\section{Introduction}
\label{sec:intro}

Explanation methods for Deep Learning (DL) models need access to intermediate layers which often is not easy to access as in the case of Class Activation Map (CAM) based methods (e.g., Grad-CAM \citep{selvaraju2017grad}, Grad-CAM++ \citep{chattopadhay2018grad}). Addressing such a problem, model agnostic based explanations methods have been proposed which do not need access to the layers of DL models and work in complete black-box setting. Methods like LIME \citep{ribeiro2016should}, SHAP \citep{lundberg2017unified} and their variants have shown the application in black-box setting making them a popular choice in post-hoc explanations.

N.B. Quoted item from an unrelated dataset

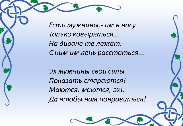 Женщины, в свою очередь, могут пропеть веселые и задорные частушки про мужчин, в которых подмечены чисто мужские черты.

Despite the popularity and model agnostic property of LIME \citep{ribeiro2016should}, a number of inconsistency in LIME has been reported \citep{zhang2019should, gosiewska2019not, li2023g, lee2023towards, zhao2021baylime, zafar2019dlime, zhou2021s}. \cite{gosiewska2019not} and \cite{lee2023towards} highlight the instability of additive explanations and observed variations in feature importance across different methods. Additionally, \cite{zhang2019should} note (i) variability in explanations due to sampling, (ii) dependence on hyper-parameters such as neighborhood size and sample count, and (iii) fluctuations in model reliability across different instances. These factors lead to inconsistency in explanations making them unreliable. 


\begin{figure}[htp]
\centering
\includegraphics[width=0.49\textwidth]{figures/lime_newfoundland_181.jpg}
\caption{Figure showing the top five positive and negative superpixels (segments) of inconsistent LIME explanations for a random image of the Oxford-IIIT Pets dataset with Inception V3 model for four different runs. The predicted class was Newfoundland, and the prediction probability was 0.46. Blue and red colors denote positive and negative superpixels, and the numbers inside the superpixels specify their importance rank. By addressing the limitations, we demonstrate consistent explanation using our proposed approach for the same image and model. (Results in \Cref{fig:slice_belief_consistency} - supplementary material).}
\label{fig:lime_inconsistency}
\end{figure}

As shown in \Cref{fig:lime_inconsistency}, the inconsistency of LIME explanation can be noted in highlighted superpixels that flip between positive (blue) and negative (red) contributions for the output probability. Further, it can be noted that the importance ranks of the superpixels (segments) for both positively and negatively contributing superpixels also vary across different runs. These inconsistencies make interpretability challenging \citep{Bora_2024_CVPR}. This flipping of superpixel sign, for different independent runs, is defined as the uncertainty in the sign of superpixels (i.e., Sign Entropy \citep{Bora_2024_CVPR}). Estimating the uncertainty of the signs of the superpixels by using bootstrapping on frequentist Ridge Regression, and eliminating superpixels with high uncertainty in signs (i.e., selecting features with low sign entropy) has been shown to stabilize LIME explanations \citep{Bora_2024_CVPR}. This however, comes at the cost of considerable increase in execution time due to bootstrapping approach. In this paper, we propose a novel Sign Entropy Regularization using Bayesian paradigm to estimate the uncertainty and mitigate the inconsistencies while achieving significantly faster ($\approx10\times$) execution time. 


\begin{comment}
It can be defined as:

\[
H(\beta_{j}) = -p^{+} \log_2(p^{+}) - p^{-} \log_2(p^{-}),
\]
\noindent where $H(\beta_{j})$ is the Sign Entropy of the $j^{th}$ superpixel, \( p^{+} \) is the estimated probability that \( \beta_{j} \) is positive and \( p^{-} = 1 - p^{+} \) is the estimated probability that \( \beta_{j} \) is negative. A high value of sign entropy indicates that the coefficient’s sign has a high probability of flipping.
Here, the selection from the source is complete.